Estimating fluid-solid interfacial free energies for wettabilities: A review of molecular simulation methods

Abstract

Fluid-solid interfacial free energy (IFE) is a fundamental parameter influencing wetting behaviors, which play a crucial role across a broad range of industrial applications. Obtaining reliable data for fluid-solid IFE remains challenging with experimental and semi-empirical methods, and the applicability of first-principle theoretical methods is constrained by a lack of accessible computational tools. In recent years, a variety of molecular simulation methods have been developed for determining the fluid-solid IFE. This review provides a comprehensive summary and critical evaluation of these techniques.
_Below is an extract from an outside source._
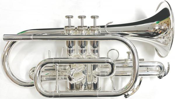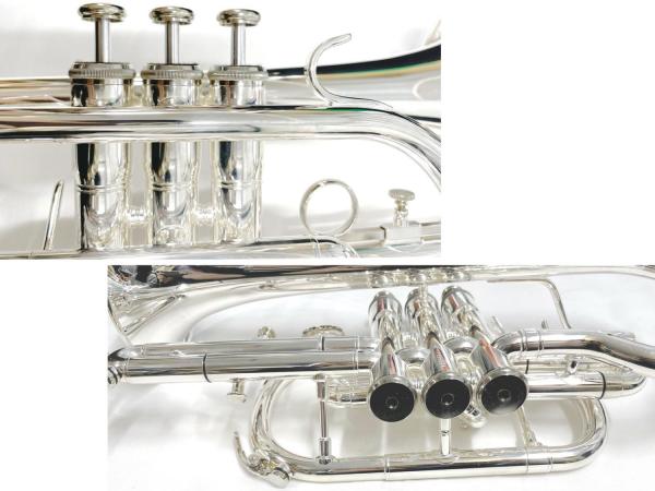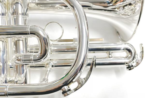 トランペットと同じ運指、音域を持ちますが、管の巻の状態などが異なり、トランペットよりも柔らかな音色です。フレーズの移り変わりも滑らかでゆったりとした演奏をお楽しみ頂けます。サイズが小さくなりますので小学生などの金管バンドなどでも取り入れられることがあります。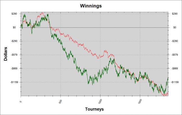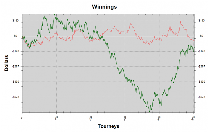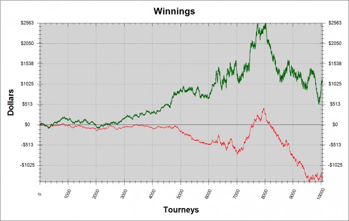 привет, 10к турниров за месяц осилил ? играю 7-и пока , честно 10 т в месяц адская работа , во- первых по количеству одновременных столов .. пробовал играть в день по 400+ турниров , если играть больше 10 столов количество брака возрастает. для каждого индивидуально понятно, и нужно находить комфортную грань между рэйком и роем. я думаю что рой 2-3 % для этих туров не плохо, 5% уже наверное апп при современных составах . у меня за 2 мес колебания в 30 би я уже считаю нормой , макс стрики были и 50би. но думаю при игре 10+ столов 100 баинов это нормально.

The developments, fundamental principles, and implementations of various simulation methods are presented from mechanical routes, such as the contact angle approach, the technique using Bakker's equation, and the Wilhelmy simulation method, as well as thermodynamic routes, including the cleaving wall method, the Frenkel-Ladd technique, and the test-volume/area methods. These approaches can be applied to compute various fluid-solid interfacial properties, including IFE, relative IFE, surface stress, and superficial tension, although these properties are often used without differentiation in the literature. Additionally, selected applications of these methods are reviewed to provide insight into the behavior of fluid-solid interfacial energies in diverse systems. We also illustrate two interpretations of the fluid-solid IFE based on the theory of Navascués and Berry and Bakker's equation. It is shown that the simulation methods developed from these two interpretations are identical. This review advocates for the broader adoption of molecular simulation methods in estimating fluid-solid IFE, which is essential for advancing our understanding of wetting behaviors in various chemical systems.